Due settimane di gnappo. Il pupo ha cambiato un po’ di ritmi ed è sempre più vorace. Per fortuna di notte si spara almeno 5 ore di sonno dalle 22 circa fino a dopo le 3. Ieri si è fatto un drittone 21.45 – 4.45, mai visto! Finora io e Anna ci siamo dati il cambio. Dopo la poppata delle 10 la spedisco a dormire e resto in piedi io fin verso le 3.30 per eventuali risvegli notturni (che finora non ci sono mai stati). Poi verso le 4 mi addormento io e tiro fino alle 9, 10 o 13… dipende. Insomma il mio sonno non è mancato.

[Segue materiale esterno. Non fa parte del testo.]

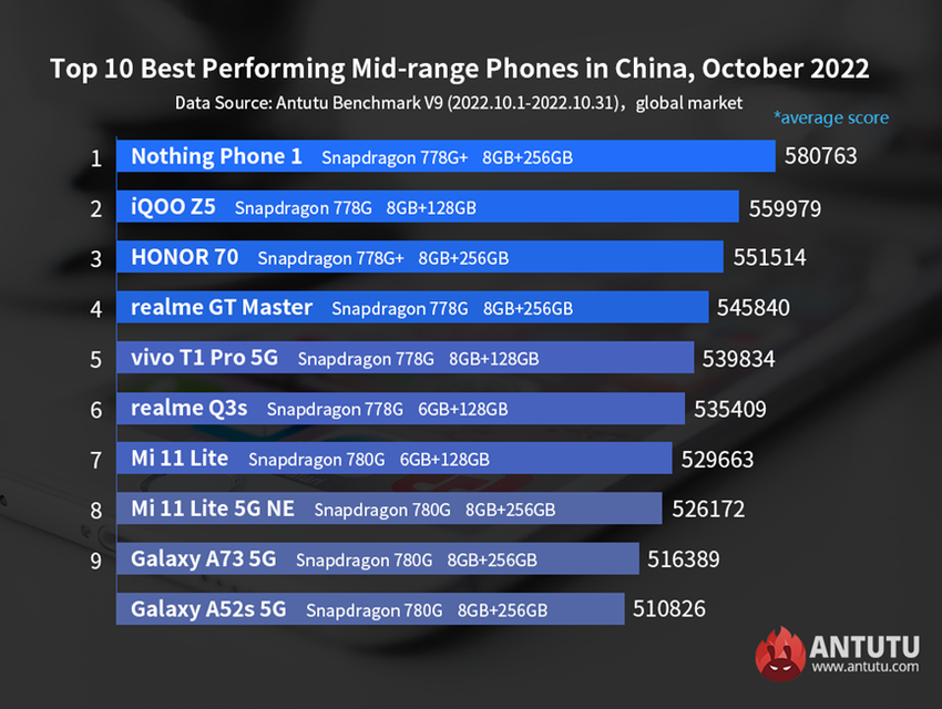 Die Top 10 der Mittelklassemodelle werden vom Snapdragon 778G+-betriebenen Noting Phone (1) angeführt. Es liegt knapp vor dem iQOO Z5 und dem Honor 70. Zu den Top 5 gehören realme GT Master und vivo T1 Pro 5G.

I primi giorni il gnappo dormiva alla grande durante il giorno. Ora invece è sempre più sveglio come un grillo. Poppa a distanza di poche ore (3 se va bene, 2 o 1 e 1/2 se va male) e tiene sempre di più gli occhi aperti. Ovviamente piange. Non troppo, ma piange. Lo prendi in braccio, sembra smettere e poi riprende. Lo metto a pancia in giù sul mio braccio e si tranquillizza un po’ di più. Saranno coliche? Aria nella pancia? Cordone ombelicale che tira? Voglia di rompere i coglioni? Boh!